Although NT-pro BNP is a quantitative marker, and levels are best interpreted as a continuous variable, cut-off points can still be useful in making its application easy for physicians without extensive experience. Thus, a cut-off of 300 pg/ml is proposed to rule out a diagnosis of heart failure, while higher age-dependent cut-offs are suggested for rule in [15].

Other models for predicting death in the CD population are cited in previous studies. However, only one study was found that used ML to predict death in CD patients. The study included 150 patients and 15 patients who died [13]. Studies that performed this prediction commonly use the methodology of creating risk scores and developed simple models to predict death, with good clinical relevance and a C statistical score from 0.82 to 0.84. All these models shared information from complementary exams to estimate individual risk [29,32,33].

In endemic areas, CD represents a major cause of death from cardiovascular disease [28]. A meta-analysis identified that CD is associated with high mortality, regardless of clinical condition, with a relative risk (RR) of 1.74 (95% CI 1.49–2.03) and attributable risk of 42.5% considering the exposed group [29]. The region where our study was conducted is characterized by having low demographic density, strong social inequality, large distances between municipalities, and extensive rural areas [34]. In addition to these contextual problems in the region, there is a lack of training, specific knowledge, and safety in the management of patients with CD among primary health care physicians [35,36]. Thus, ML can revolutionize this effective delivery of health care with the advent of new tools and algorithms, developing a new class of smart digital health interventions. However, more studies are needed to demonstrate the effectiveness of digital interventions that rely on machine learning applications in real-life healthcare. More evidence of the clinical utility of ML in the provision of health services is needed. Researchers should go beyond retrospectively validating machine learning models, integrating their models into properly designed digital health tools and evaluating the tools in rigorous studies carried out in real-life environments [37]. Despite their limitations, the use of ML tools could contribute to expanding access to an adequate management of CD, considering that it is an automatic, simple, and inexpensive technique.

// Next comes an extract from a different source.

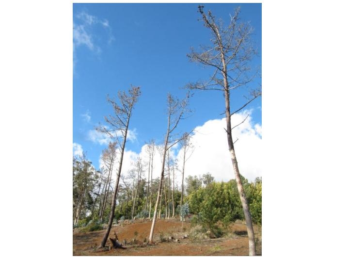 Le nématode du pin peut conduire à l’apparition de symptômes sévères, allant jusqu’au flétrissement généralisé des arbres puis leur mort.

Among the strengths of this study, the longitudinal assessment of a large sample of patients with CD who live in endemic areas and in small municipalities, far from the large urban centers commonly portrayed in the studies, stands out. That is, the individuals participating in the investigated sample typically represent populations with CD from endemic areas. But this study is not without limitations. In addition to the difficulties already mentioned in practical implementation, there are some points to comment on, such as the way the models were evaluated in this study, using cross-validation to train and test the models. From a methodological point of view, cross-validation allows for a robust assessment. However, using two independent data sets (one for training and the other for testing the models) would better the generalizability, and application in clinical practice of the models. In addition, independent data are required. A second independent sample must be included for external validation and implementation studies can be carried out to assess the potential impact of using these models to predict death in patients with CD.

Conclusion

This study evaluated the 2-year predictive power of death in CD patients using different ML settings and techniques. It was possible to develop optimized models, which can contribute with the development of prediction tools. The ML model proved to be useful and with good power to predict death within two years among patients with CD. The different configurations and techniques for predicting death from CD achieved 59% to 77% predictive power. Configuration with information coming only from the interview have the advantage of being used in scenarios with little access to complementary exams, but the incorporation of variables from complementary exams has improved the predictive power. A configuration adopting only the NT-proBNP, in isolation, showed a prediction capacity similar to the best prediction models using interview variables and complementary exams. Thus, the ML method confirmed the role of this biomarker in predicting death. ML can be used as a useful tool with the potential to contribute to the management of patients with CD, by identifying patients with the highest probability of death. However, there is still a need to pursue models with greater predictive power and the clinical implementation of this knowledge through the use of independent data for external validation.

Supporting information

S1 Table. Predictor variables initially considered in the analyzes and how they were worked.

https://doi.org/10.1371/journal.pntd.0010356.s002

(DOCX)

S1 Fig.

S1A: Decision tree created from the interview variables and S1B: Decision tree created from the variables of complementary exams.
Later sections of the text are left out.